Importing multiple named exports from a single module will only count once (e.g. import {x, y, z} from './foo' will only count as a single dependency).
Options
This rule has the following options, with these defaults:
"import/max-dependencies": ["error", {
"max": 10,
"ignoreTypeImports": false,
}]
max
This option sets the maximum number of dependencies allowed. Anything over will trigger the rule. Default is 10 if the rule is enabled and no max is specified.

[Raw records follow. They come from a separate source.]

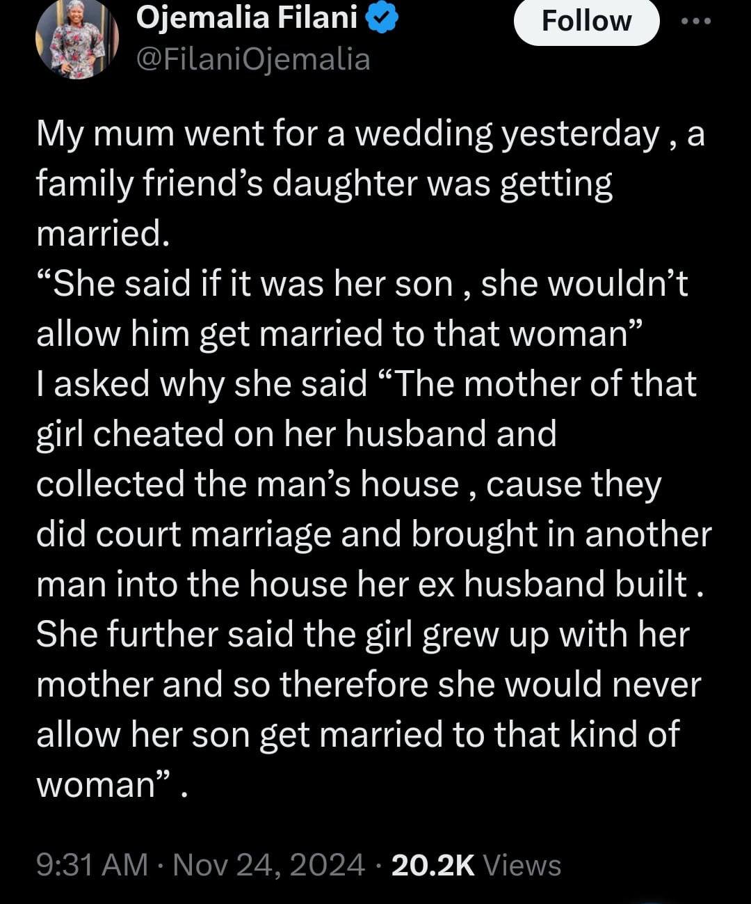 “I asked why she said ‘The mother of that girl cheated on her husband and collected the man’s house , cause they did court marriage and brought in another man into the house her ex husband built . She further said the girl grew up with her mother and so therefore she would never allow her son get married to that kind of woman.”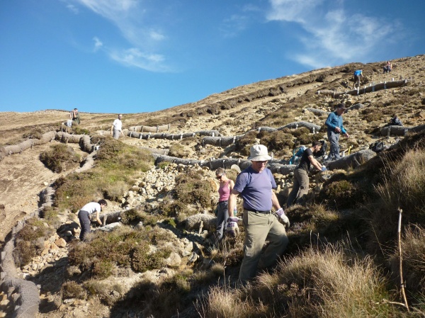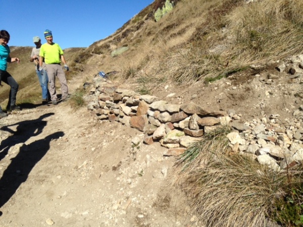 C’est sur la première ravine, la plus détériorée, que l’action débute. Elle est menée par petits groupes. Quel entrain ! Les plus costauds manipulent les gros blocs avec aisance. Sept murets sont créés en aval du chemin, Guillaume n’en avait prévu que quatre ! Puis c’est l’heure de la pause et du casse-croûte. Tout le monde profite du soleil généreux de l’été indien. Le travail reprend, toujours par petits groupes. En amont du sentier, de nouveaux murets sont élevés en travers de la ravine. Sur la plate-forme d’arrivée des sentiers, des murets plus petits sont créés le long des chemins. Ils éviteront aux randonneurs de divaguer en dehors de la trace. Ailleurs, des boudins coco sont étançonnés en bordure de sentier. Enfin, un petit groupe poursuit l’action sur les deux autres ravines.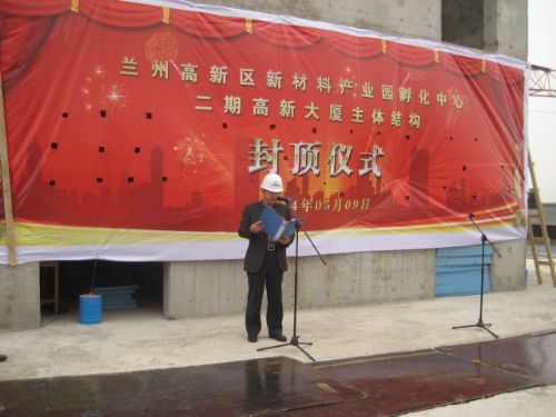上午10:58分時許,前來參加封頂儀式的有關(guān)領(lǐng)導(dǎo)沿著紅地毯緩緩步入會場,儀式在歡快的音樂聲中正式開始,蘭州普禾醫(yī)藥有限公司總經(jīng)理郝清風(fēng)致開幕詞,甘肅建投總公司黨委書記張國虎作了致辭。在談到項目建設(shè)時,他說,甘肅建投公司以造“一流工程、精品工程”為己任,秉著“銳意進(jìn)取、追求卓越”的企業(yè)精神,贏得了效益和口碑雙豐收。同時,對于此次高新大廈辦公樓的順利封頂,建設(shè)單位高度肯定了我項目部的傾力支持和無私奉獻(xiàn),并且表達(dá)了希望雙方加強(qiáng)后續(xù)合作,共生共榮。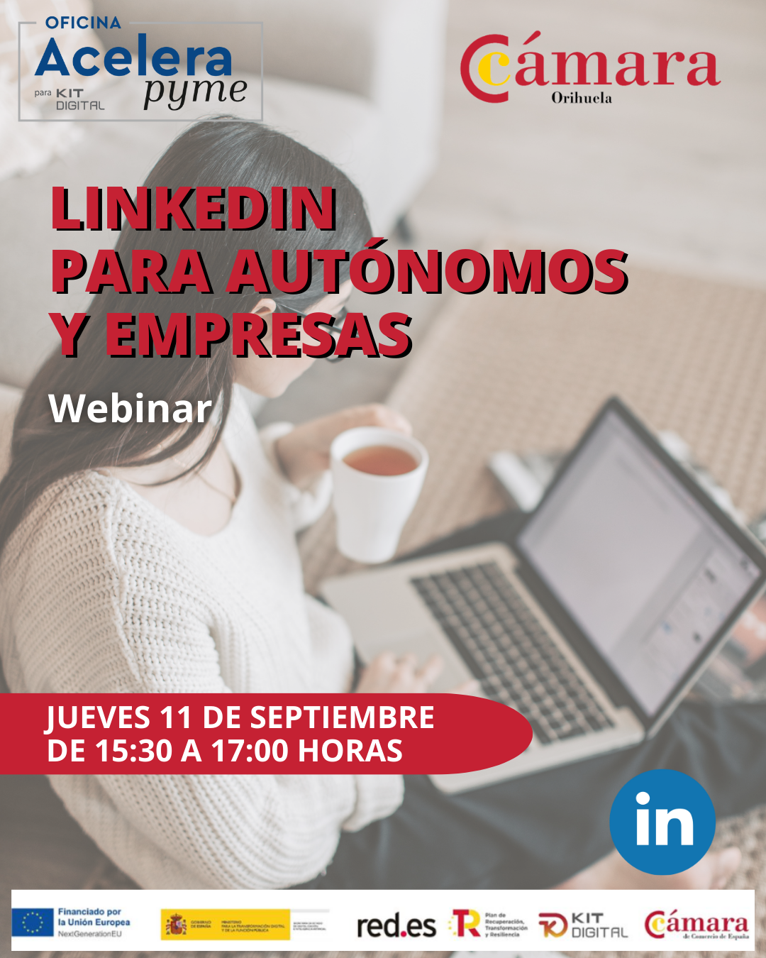 La Oficina Acelera Pyme de Cámara Orihuela os invita a participar en la formación on line LINKEDIN PARA AUTÓNOMOS Y EMPRESAS, en la que mostraremos, de forma práctica, las posibilidades de esta red como herramienta de visibilidad profesional, networking y posicionamiento de marca personal o empresarial.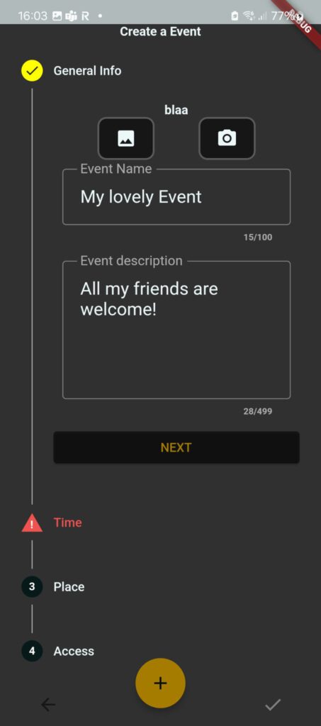 Beim Erstellen einer Veranstaltung konnte man einen Namen und eine Beschreibung angeben.

Given a max value of {"max": 2}:
Fail
import a from './a'; // 1
const b = require('./b'); // 2
import c from './c'; // 3 - exceeds max!
Pass
import a from './a'; // 1
const anotherA = require('./a'); // still 1
import {x, y, z} from './foo'; // 2
ignoreTypeImports
Ignores type imports. Type imports are a feature released in TypeScript 3.8, you can read more here. Defaults to false.
Given {"max": 2, "ignoreTypeImports": true}:
Fail
import a from './a';
import b from './b';
import c from './c';
Pass
import a from './a';
import b from './b';
import type c from './c'; // Doesn't count against max
When Not To Use It
If you don't care how many dependencies a module has.